Installing Cloudera Data Science Workbench 1.4.x from Packages

Prerequisites

Before you begin installing Cloudera Data Science Workbench, make sure you have completed the steps to configure your hosts and block devices.

Configure Gateway Hosts Using Cloudera Manager

Cloudera Data Science Workbench hosts must be added to your CDH cluster as gateway hosts, with gateway roles properly configured. To configure gateway hosts:
  1. If you have not already done so and plan to use PySpark, install either the Anaconda parcel or Python (versions 2.7.11 and 3.6.1) on your CDH cluster. For more information see, Python Supported Versions.

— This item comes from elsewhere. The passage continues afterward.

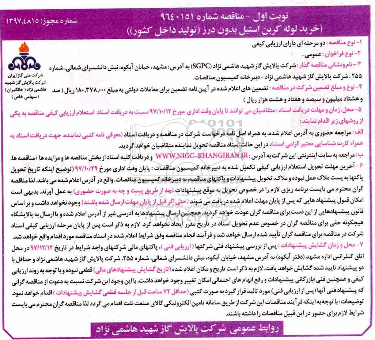 مناقصه خرید لوله کربن استیل بدون درز از کلیه افراد متخصص و شرکتها واجد شرایط دعوت به عمل میآید در مناقصه با کد خبرگزاری پارس نماد: 1421288 شرکت نمایند.

  2. To support workloads running on CDS 2.x Powered by Apache Spark, you must configure the Spark 2 parcel and the Spark 2 CSD. For instructions, see Installing Cloudera Distribution of Apache Spark 2.

    To be able to use Spark 2, each user must have their own /home directory in HDFS. If you sign in to Hue first, these directories will automatically be created for you. Alternatively, you can have cluster administrators create these directories.
    hdfs dfs -mkdir /user/<username>
    hdfs dfs -chown <username>:<username> /user/<username>
  3. Use Cloudera Manager to create add gateway hosts to your CDH cluster.
    1. Create a new host template that includes gateway roles for HDFS, YARN, and Spark 2.
    2. Use the instructions at Adding a Host to the Cluster to add gateway hosts to the cluster. Apply the template created in the previous step to these gateway hosts. If your cluster is kerberized, confirm that the krb5.conf file on your gateway hosts is correct.
  4. Test Spark 2 integration on the gateway hosts.
    1. SSH to a gateway host.
    2. If your cluster is kerberized, run kinit to authenticate to the CDH cluster’s Kerberos Key Distribution Center. The Kerberos ticket you create is not visible to Cloudera Data Science Workbench users.
    3. Submit a test job to Spark 2 by executing the following command:
      spark2-submit --class org.apache.spark.examples.SparkPi 
      --master yarn --deploy-mode client 
      /opt/cloudera/parcels/SPARK2/lib/spark2/examples/jars/spark-example*.jar 100

Install Cloudera Data Science Workbench on the Master Node

CDSW 1.4.x is no longer available for installation. Refer to the CDSW documentation for information on suppported versions.

(Optional) Install Cloudera Data Science Workbench on Worker Nodes

CDSW 1.4.x is no longer available for installation. Refer to the CDSW documentation for information on suppported versions.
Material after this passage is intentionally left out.